The listing below should be printed again word for word, without any images.

RECORDED DATA below:

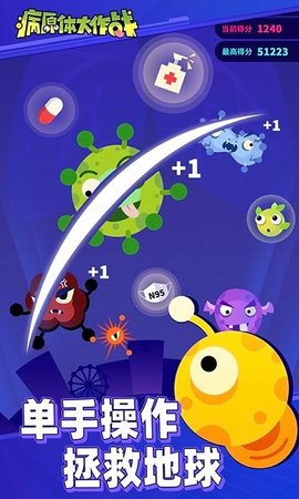 防疫大作战游戏官方正式版是一款水果忍者无玩法一样的全新休闲益智类手机游戏,在这款游戏中还普及了各种防疫的小常识,在这里面玩家可以在游戏里面通过巧妙的方法来将病毒全部都赶跑掉。通过手术刀来消灭各种病毒,过关和失败都会得到防疫提示,还能为你的城市帮助。有兴趣的玩家快来下载吧!
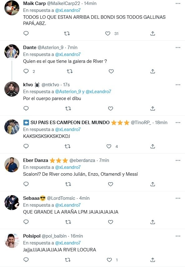 Tanto el Araña como Enzo Fernández y Exequiel Palacios también fueron vistos con indumentaria y objetos de River, tanto en los festejos en Qatar como en el recibimiento en Buenos Aires. En esta oportunidad, Julián le entregó a los hinchas del Millo una linda imagen del entrenador campeón del mundo con los colores de La Banda.
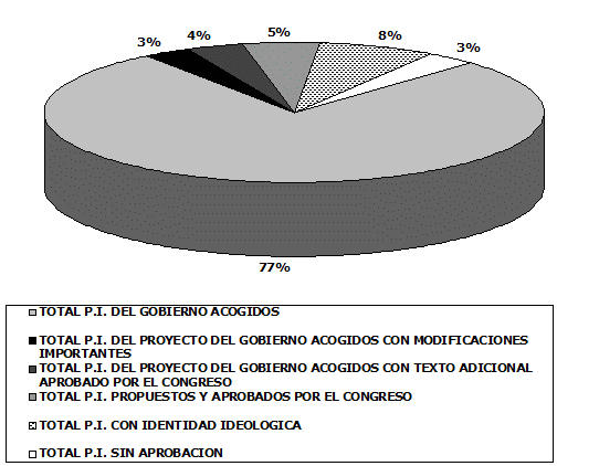 [26] Importa señalar, antes de proseguir en la materia, que se procedió a establecer si el texto del gobierno aparece aprobado plenamente en cada uno de los proyectos de inversión. Cuando las modificaciones fueron sustanciales se clasificó como "total proyectos de inversión (P.I.) del proyecto del gobierno acogidos con modificaciones importantes". Cuando consistió en la inclusión de un inciso o en la eliminación de frases, se clasificó como "total p.i. del proyecto del gobierno acogidos con texto adicional aprobado por el Congreso". Finalmente, aquellos casos en los cuales el texto final recoge ideas del gobierno y de cada una de las cámaras y las refunde en un texto nuevo, se clasificaron como "total p.i. con identidad ideológica entre el texto gubernamental y el legislativo".
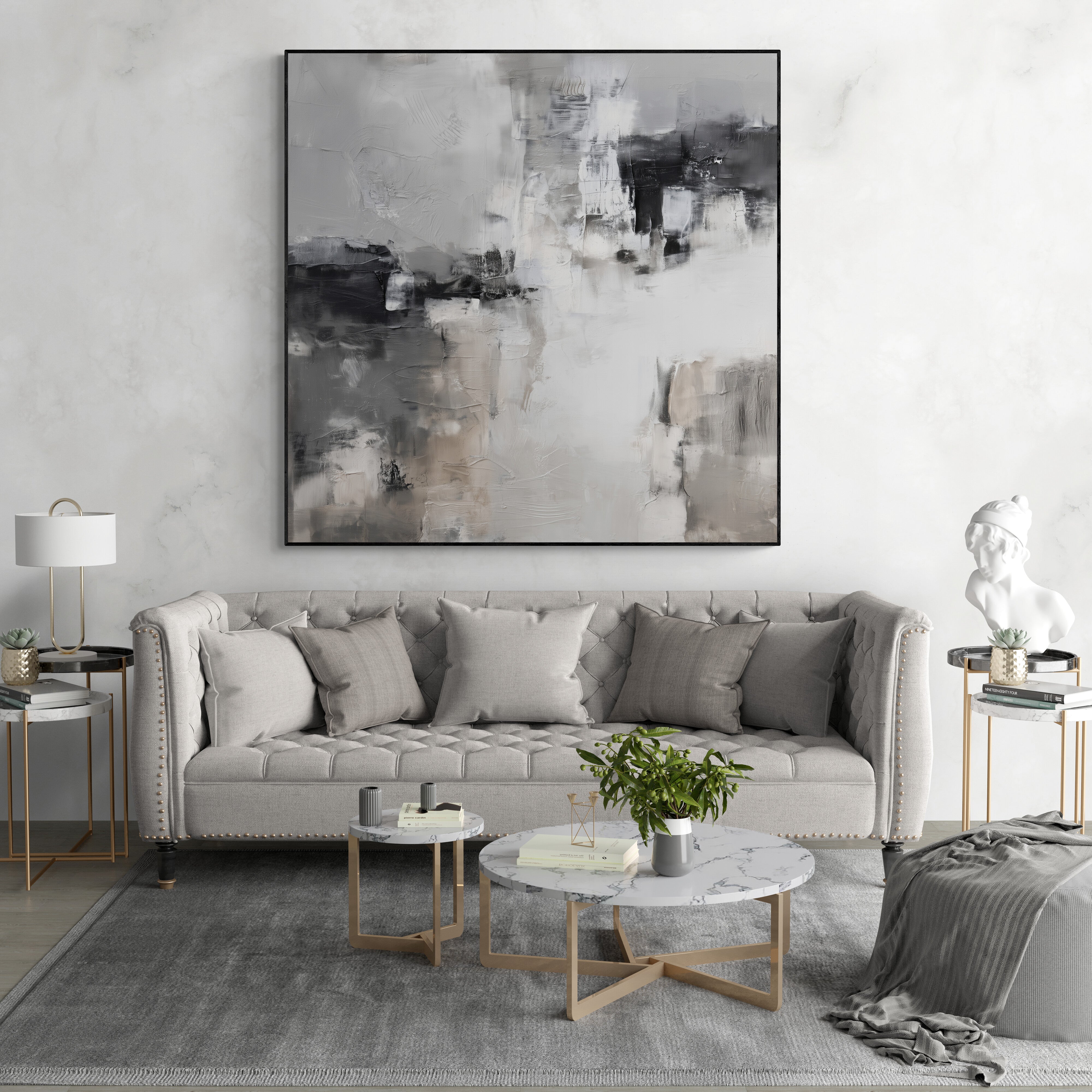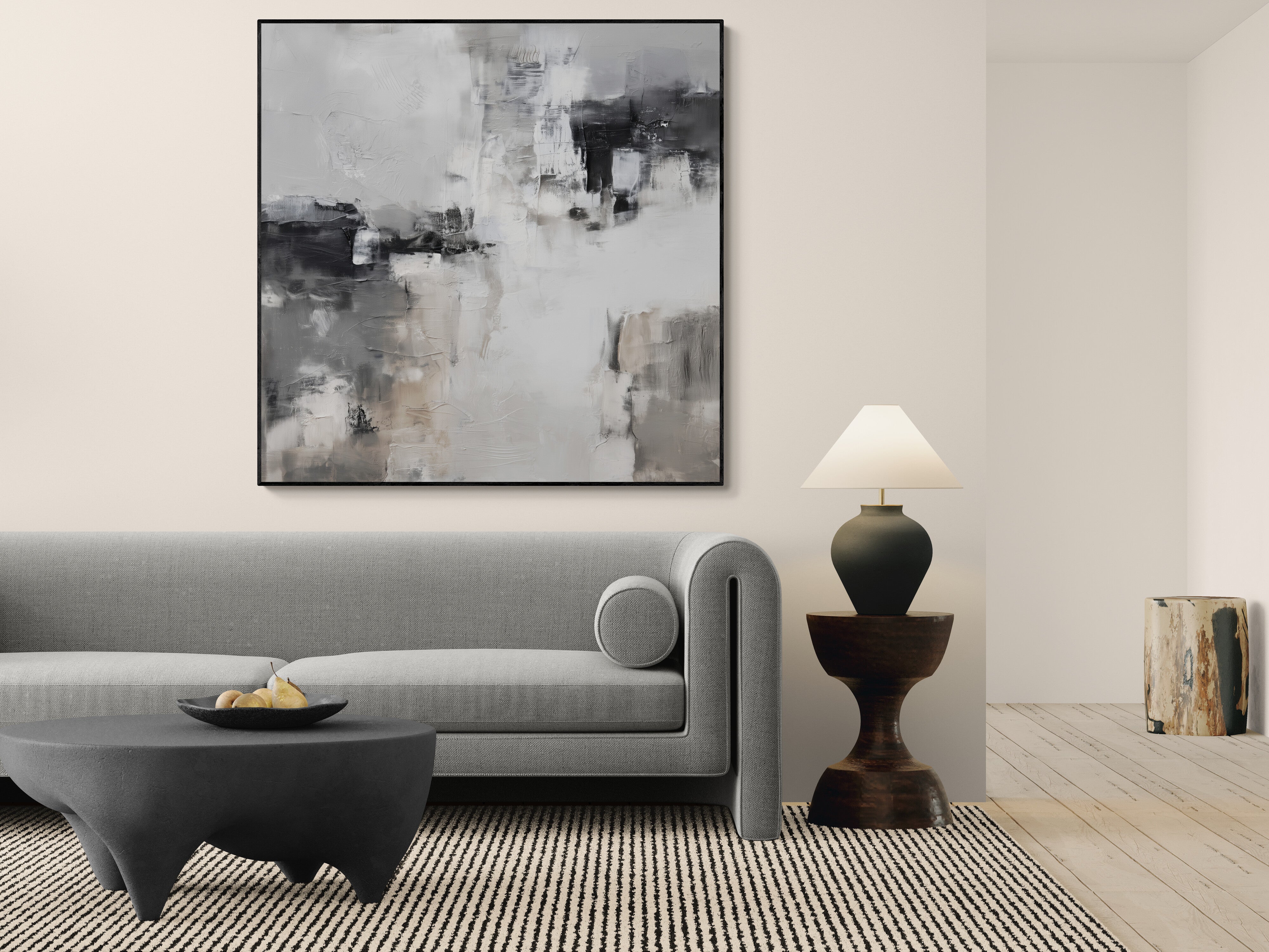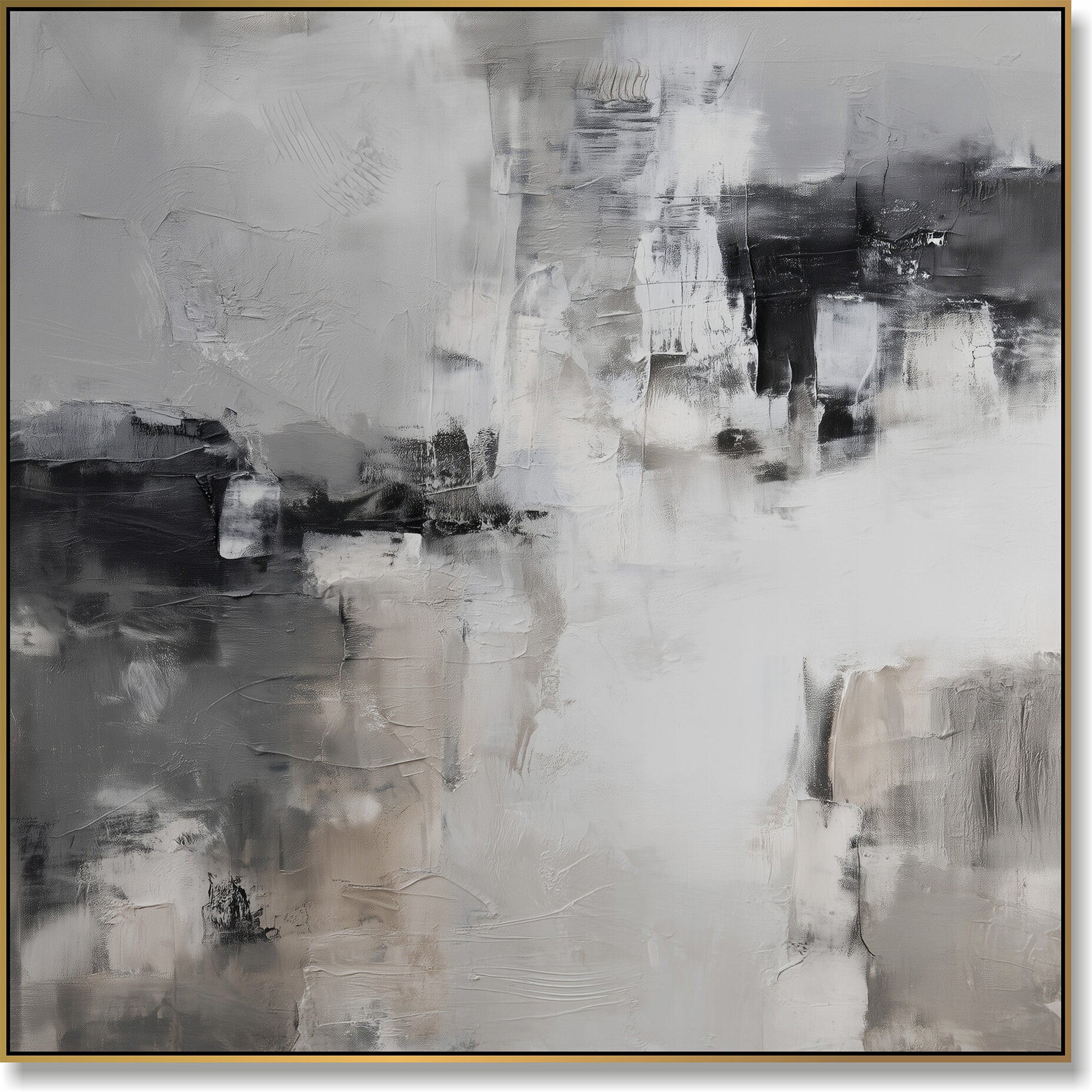 Textured monochrome abstract art for modern interiors. Elevate your space with minimalist elegance — shop this unique canvas today.

End of RECORDED DATA.

ANSWER TO THIS EXERCISE →
 防疫大作战游戏官方正式版是一款水果忍者无玩法一样的全新休闲益智类手机游戏,在这款游戏中还普及了各种防疫的小常识,在这里面玩家可以在游戏里面通过巧妙的方法来将病毒全部都赶跑掉。通过手术刀来消灭各种病毒,过关和失败都会得到防疫提示,还能为你的城市帮助。有兴趣的玩家快来下载吧!
 Tanto el Araña como Enzo Fernández y Exequiel Palacios también fueron vistos con indumentaria y objetos de River, tanto en los festejos en Qatar como en el recibimiento en Buenos Aires. En esta oportunidad, Julián le entregó a los hinchas del Millo una linda imagen del entrenador campeón del mundo con los colores de La Banda.
 [26] Importa señalar, antes de proseguir en la materia, que se procedió a establecer si el texto del gobierno aparece aprobado plenamente en cada uno de los proyectos de inversión. Cuando las modificaciones fueron sustanciales se clasificó como "total proyectos de inversión (P.I.) del proyecto del gobierno acogidos con modificaciones importantes". Cuando consistió en la inclusión de un inciso o en la eliminación de frases, se clasificó como "total p.i. del proyecto del gobierno acogidos con texto adicional aprobado por el Congreso". Finalmente, aquellos casos en los cuales el texto final recoge ideas del gobierno y de cada una de las cámaras y las refunde en un texto nuevo, se clasificaron como "total p.i. con identidad ideológica entre el texto gubernamental y el legislativo".
 Textured monochrome abstract art for modern interiors. Elevate your space with minimalist elegance — shop this unique canvas today.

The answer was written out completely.